Volume 17, Number 1/2
Table of Contents
Supporting Science through the Interoperability of Data and Articles
IJsbrand Jan Aalbersberg
Elsevier, S&T Journals, Content Innovation, The Netherlands
Elsevier, S&T Journals, Content Innovation, The Netherlands
Whereas it is established practice to publish relevant findings of a research project in a scientific article, there are no standards yet as to whether and how to make the underlying research data publicly accessible. According to the recent PARSE.Insight study of the EU, over 84% of scientists think it is useful to link underlying digital research data to peer-reviewed literature. This trend is reinforced by funding bodies, who to an increasing extent require the grantees to deposit their raw datasets at freely accessible repositories. And also the publishing industry believes that raw datasets should be made freely accessible.. This article presents an overview of how Elsevier as a scientific publisher with over 2,000 journals gives context to articles that are available on their full-text platform SciVerse ScienceDirect, by linking out to externally hosted data at the article level, at the entity level, and in a deeply integrated way. With this overview, Elsevier invites dataset repositories to collaborate with publishers to create an optimal interoperability between the formal scientific literature and the associated research data improving the scientific workflow and ultimately supporting science.
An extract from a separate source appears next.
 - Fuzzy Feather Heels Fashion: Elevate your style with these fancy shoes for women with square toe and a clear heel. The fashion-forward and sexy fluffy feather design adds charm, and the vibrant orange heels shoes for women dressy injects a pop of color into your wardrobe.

Content innovation at Elsevier is about improving the peer-reviewed scientific communication between the author and the reader. For centuries this communication has taken place based on the traditional print format though more recently in the form of the PDF. Whereas the digital revolution brought great improvements to many processes around scholarly communication (like submission, discoverability, access, and archiving), it has had almost no impact on its content, format, and presentation, i.e., on the scientific article itself. One of the ways Elsevier aims at utilizing the new digital possibilities to add value to the scientific article is by putting it in context with external resources that are related to the article and relevant to the respective research community. This can be achieved in two ways.
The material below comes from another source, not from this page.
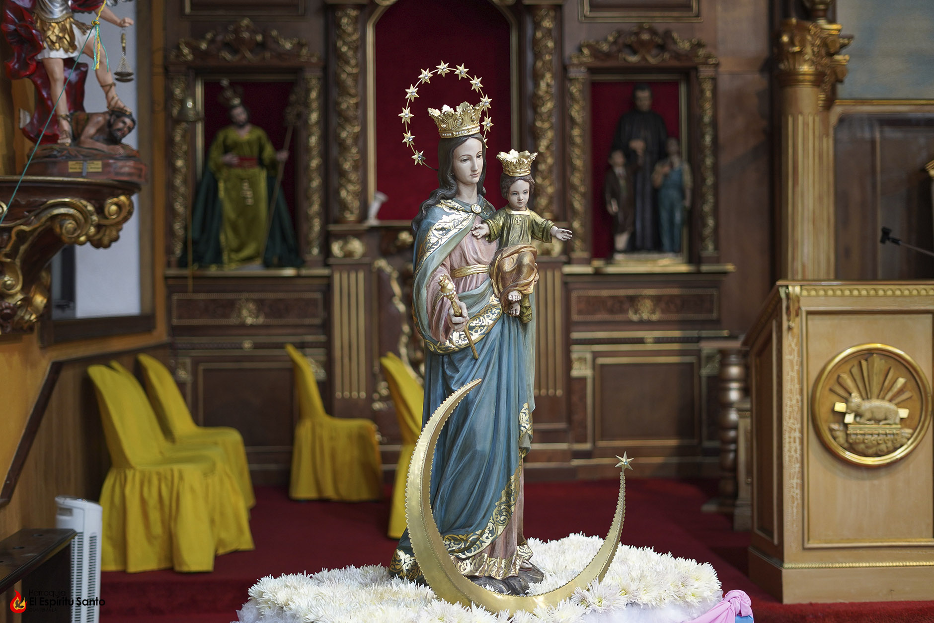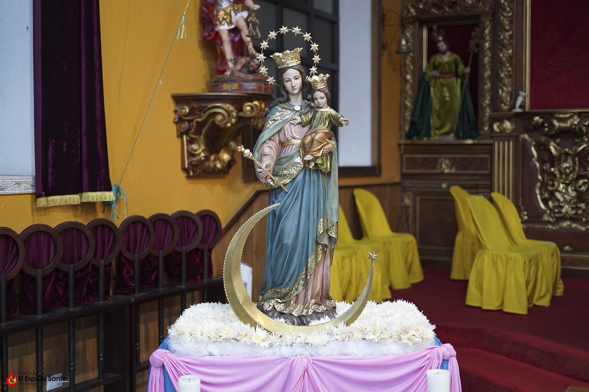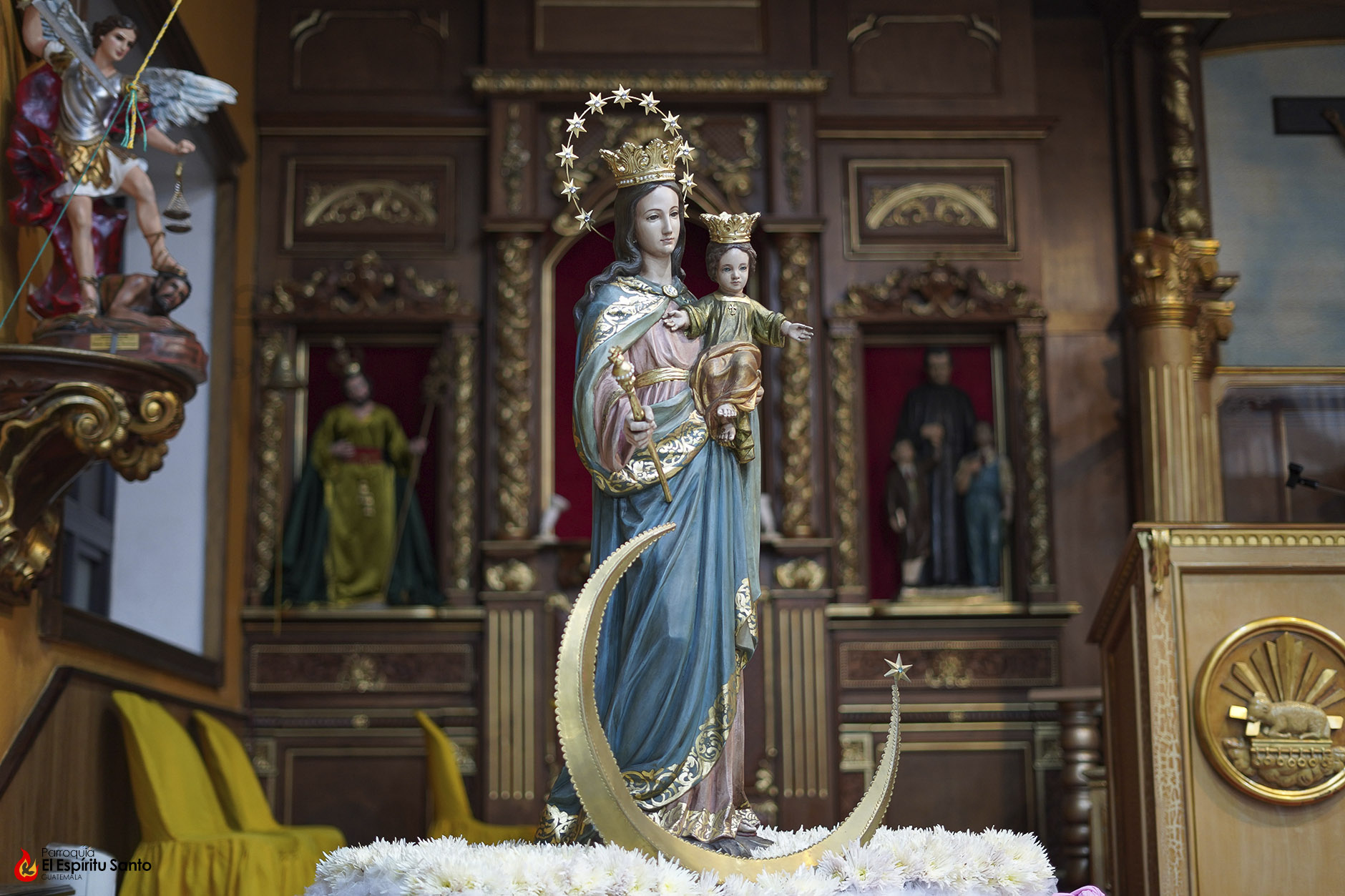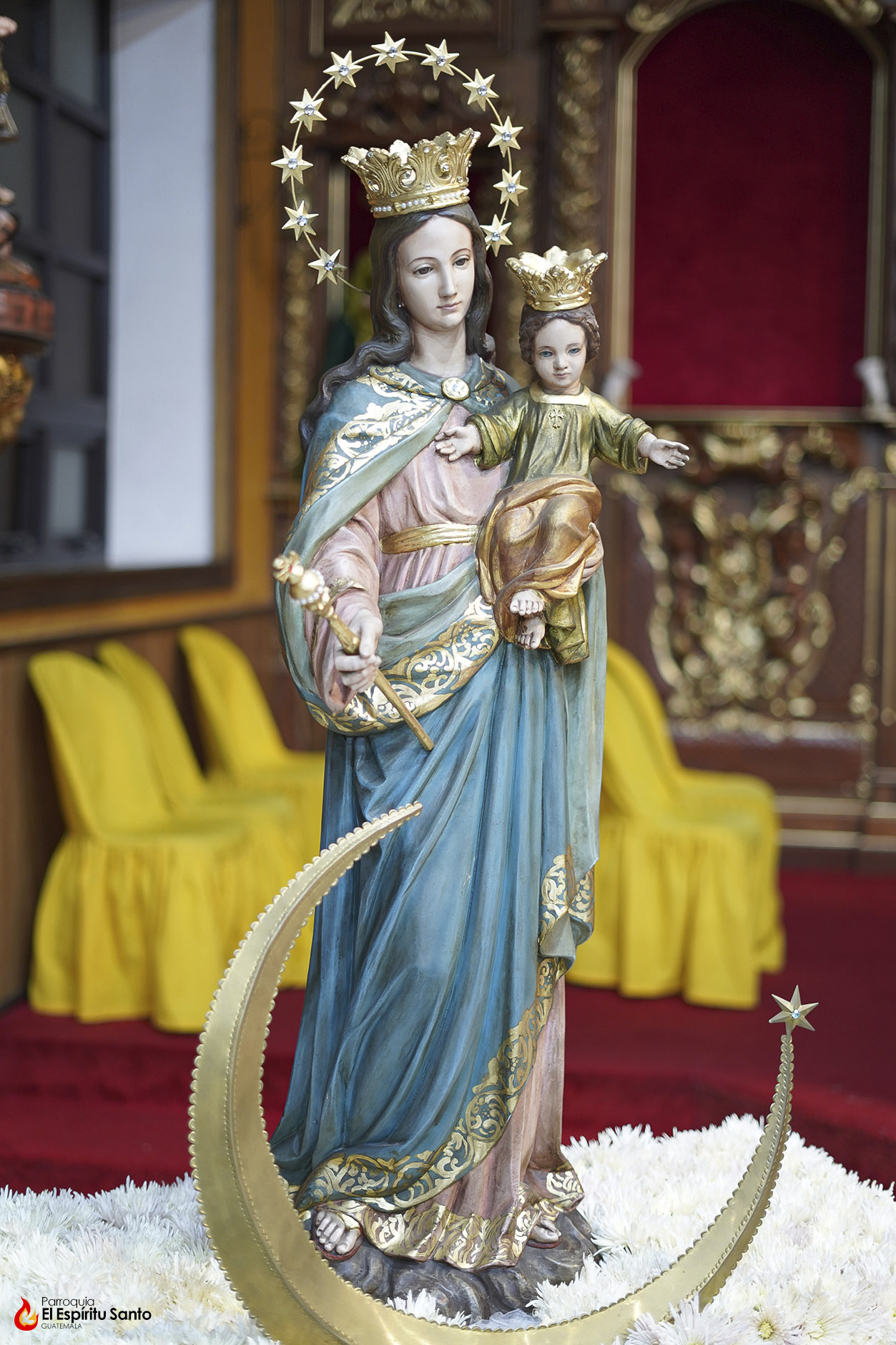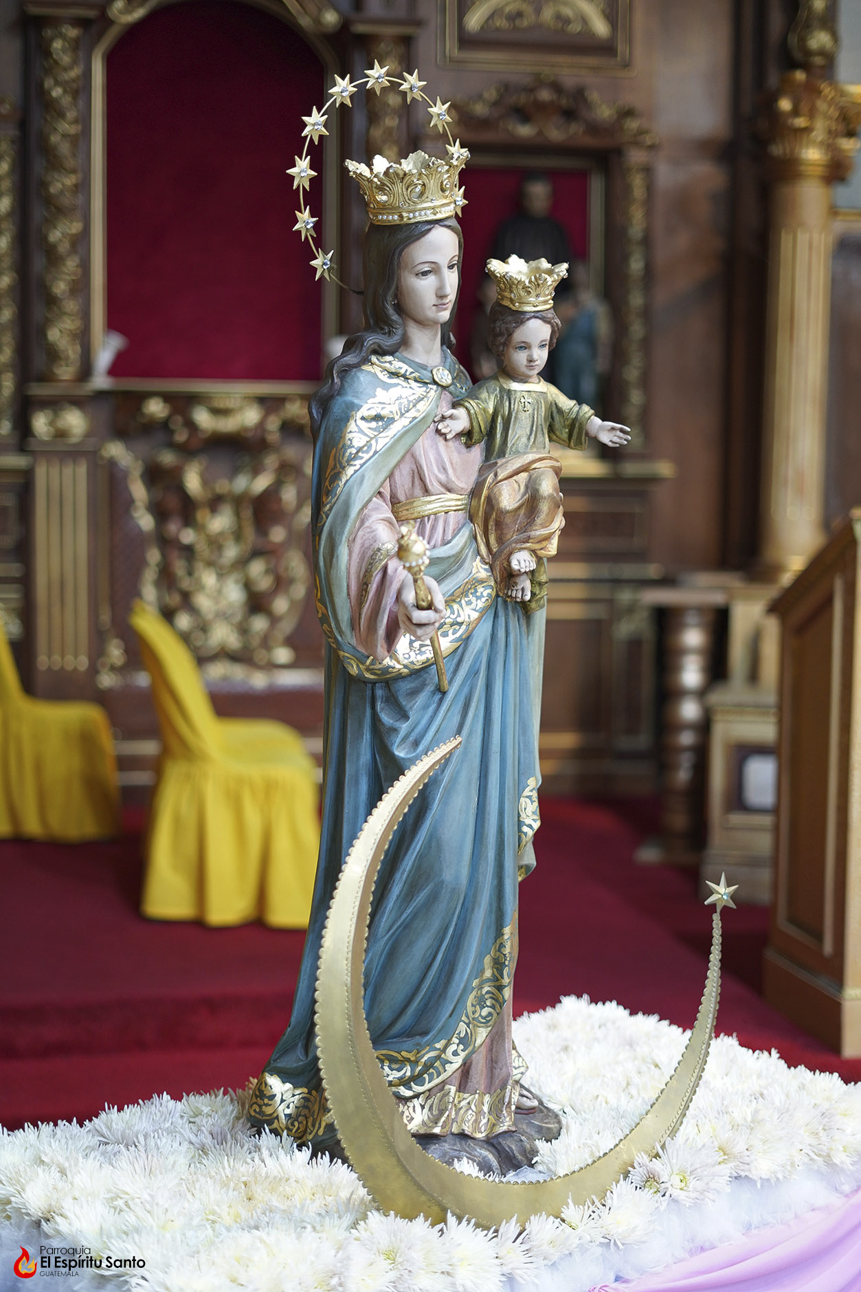 En la Familia Salesiana se tiene la tradición de celebrar a María Auxiliadora, Patrona principal de la Congregación, cada 24 de mes, como un eco de su solemne fiesta del 24 de mayo y, para esta ocasión, nuestra parroquia ha colocado a la Virgen entre un campo de flores blancas, representando todas las oraciones, agradecimientos y peticiones que sus devotos le dedican diariamente.

Linking out from SciVerse ScienceDirect to external resources. Currently, there are two types of linking capabilities in place:
- dataset linking (based on the DOI of an article) and
- entity linking (based on semantic tagging of entities in an article).
- Pulling data from external resources into SciVerse ScienceDirect. A recent example of such a contextualisation is the Protein Viewer, which makes 3D images of proteins from the Protein Data Bank (PDB) available within protein-related articles on SciVerse ScienceDirect.
In the following we will detail and describe examples of these three types of "internet wiring" between scientific articles and research datasets. It thus serves as an invitation to dataset repositories to actively collaborate with publishers to provide a seamless interoperability between scientific articles and their associated datasets, which will result in an improved workflow for the scientist.
Scientific research is all about collaboration and never limited to one information source only. In recent years, more and more digital repositories have been set up to host research data in the different fields. Even among information scientists, there is no consensus on the number of such repositories, but "there are clearly thousands in existence" . Not to mention the amount of actual data stored in these repositories, as their individual datasets could easily amount to many terabytes of data in fields like earth and planetary sciences. 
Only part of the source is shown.